QMHUB (NT) sits in the middle and hosts WMQI (2.1 CSD2). A message flow takes the COBOL format from QM1 and converts it to XML Accord format. A second message flow takes the XML Accord reply message and converts it back to COBOL format. There are no other flows doing any work on this WMQI setup.

The request messages are about 15-25K. The replies are under 5K. About 100 message per minute is the volume pretty consistently.


Every 65 seconds, the Input queue to the request flows starts backing up for about 5 seconds. During this backup, the DataflowEngine.exe drops to zero CPU. Then it kicks up to about 50% to clear the backlog, and then stays around 20% for the next 60 seconds, when the backup starts again. Every 65 seconds like clockwork.

During the backup, CPU for the entire box drops down to near zero. I can't see that WMQI or any other application is busy at this time. Just every 65 seconds, WMQI decides to take a break.

Any ideas where to look for what? This is puzzling.
_________________
Peter Potkay
Keep Calm and MQ On
Back to top
View user's profile Send private message
yaakovd
PostPosted: Fri Feb 28, 2003 9:00 am    Post subject: Reply with quote

Partisan

Joined: 20 Jan 2003
Posts: 319
Location: Israel

What about garbage collection?
Or some other memory/DB cleanup?
Try change size of messages to 50 K. If this period will reduced?

It is just my guess... May be somebody knows an answer.
_________________
Best regards.
Yaakov
SWG, IBM Commerce, Israel
Back to top
View user's profile Send private message Send e-mail
kwelch
PostPosted: Fri Feb 28, 2003 9:01 am    Post subject: Reply with quote

Master

Joined: 16 May 2001
Posts: 255

I work with Peter and am the WMQI support for this application. I just wanted to add that this flow and execution group has been running on this box for a couple of months now with no problems. We have not done any recent deploys and as far as we know nothing has changed on this box from an NT perspective. This started happening a couple days ago and has been happening consistently every 65 seconds ever since. We scheduled a reboot of the machine last night and the problem is still persisting. All thoughts and ideas are welcome!!!!

Karen
Back to top
View user's profile Send private message Send e-mail
jefflowrey
PostPosted: Fri Feb 28, 2003 10:48 am    Post subject: Reply with quote

Grand Poobah

Joined: 16 Oct 2002
Posts: 19981

How are you measuring this 'backup'? Are you looking at queue depth?

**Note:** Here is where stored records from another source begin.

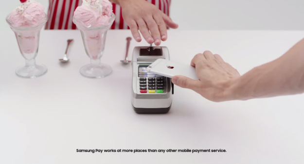 Jak už jsem zmínil, v minulé reklamě Samsung zesměšňoval absenci bezdrátového nabíjení, tentokrát si vzal na mušku Apple Pay respektive vychloubal se se svým Samsung Pay. Vtipné na tom ale je, že Samsung přišel se svou platební metodou pomocí telefonu až několik měsíců poté, co Apple představil Apple Pay. Samsung se v nejnovější reklamě snaží ukázat, že služba Samsung Pay je snadno rozšiřitelná, jelikož bude fungovat s dosavadními platebními terminály, zatímco pro Apple Pay je potřeba speciální terminál.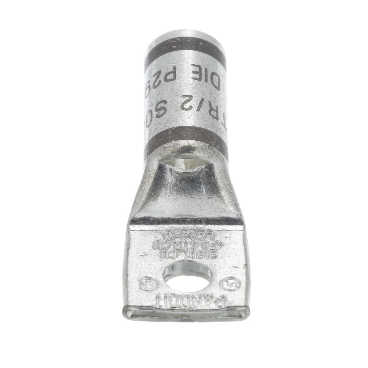 The Panduit LCA4-10-L is a compression connector lug made from tin-plated copper. It works with wire sizes ranging from four to three American Wire Gauge strands. The connector features a one-hole standard barrel and includes an inspection window that allows for visual confirmation of full conductor insertion. This connector is suitable for applications requiring a stud size of ten millimeters.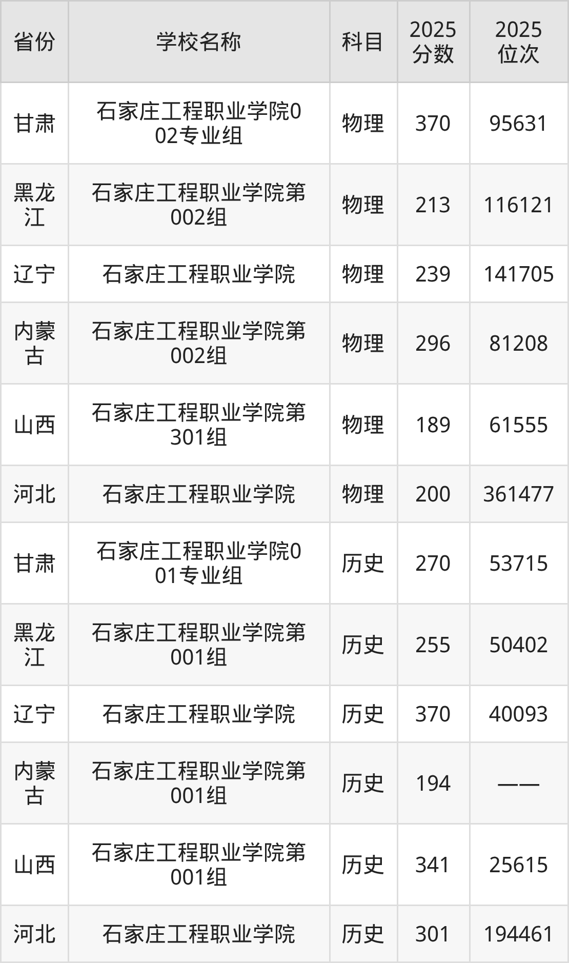 二、石家庄工程职业学院各专业录取分数线

What you could be seeing is an artifact of the way the MCA works. You could be recording a queue depth that shows uncommitted messages on the queue coming out of the MCA. They won't be visible to WMQI until the sending MCA has told the WMQI MCA to commit them and it's been acknowledged. On the other hand, the queue depth will still increase. Queue depth indicates both uncommitted messages on the queue and committed messages on the queue.
Back to top
View user's profile Send private message
kwelch
PostPosted: Fri Feb 28, 2003 11:18 am    Post subject: Reply with quote

Master

Joined: 16 May 2001
Posts: 255

Yes we are looking at queue depth. I have noticed recently that it's not just the input queue to the WMQI flow but any queue that might have a message in it backs up(i.e. input to another flow, 2 xmit q's to the mainframe and the system.cluster.transmit.queue all back up) until after whatever is keeping things from running lets go. Then everything starts back up again. The fact that this happens so routinely every 60-65 seconds makes it puzzling.
Back to top
View user's profile Send private message Send e-mail
PeterPotkay
PostPosted: Fri Feb 28, 2003 12:15 pm    Post subject: Reply with quote

Poobah

Joined: 15 May 2001
Posts: 7722

The messages are committed. I can browse them during the back up. I don't believe it has anything to do with the channels. The messages are cleanly being delivered to the input queue.



Everyone swears there have been no application changes. This has been running fine in prod for over 3 months, and then yesterday this started happening.

The fact that it happens every 65 seconds makes me think it has nothing to do with app code or the actual messages. Rather that this is a side effect of the OS doing something regularly, or WMQI doing something internally, or maybe some monitoring thing. I don't know; something is telling WMQI to take a break from processing every 65 seconds.
_________________
Peter Potkay
Keep Calm and MQ On
Back to top
View user's profile Send private message
jefflowrey
PostPosted: Mon Mar 03, 2003 6:48 am    Post subject: Reply with quote

Grand Poobah

Joined: 16 Oct 2002
Posts: 19981

If you're sure the messages are committed, then it is more likely some process outside WMQI that's causing the symptoms you're seeing.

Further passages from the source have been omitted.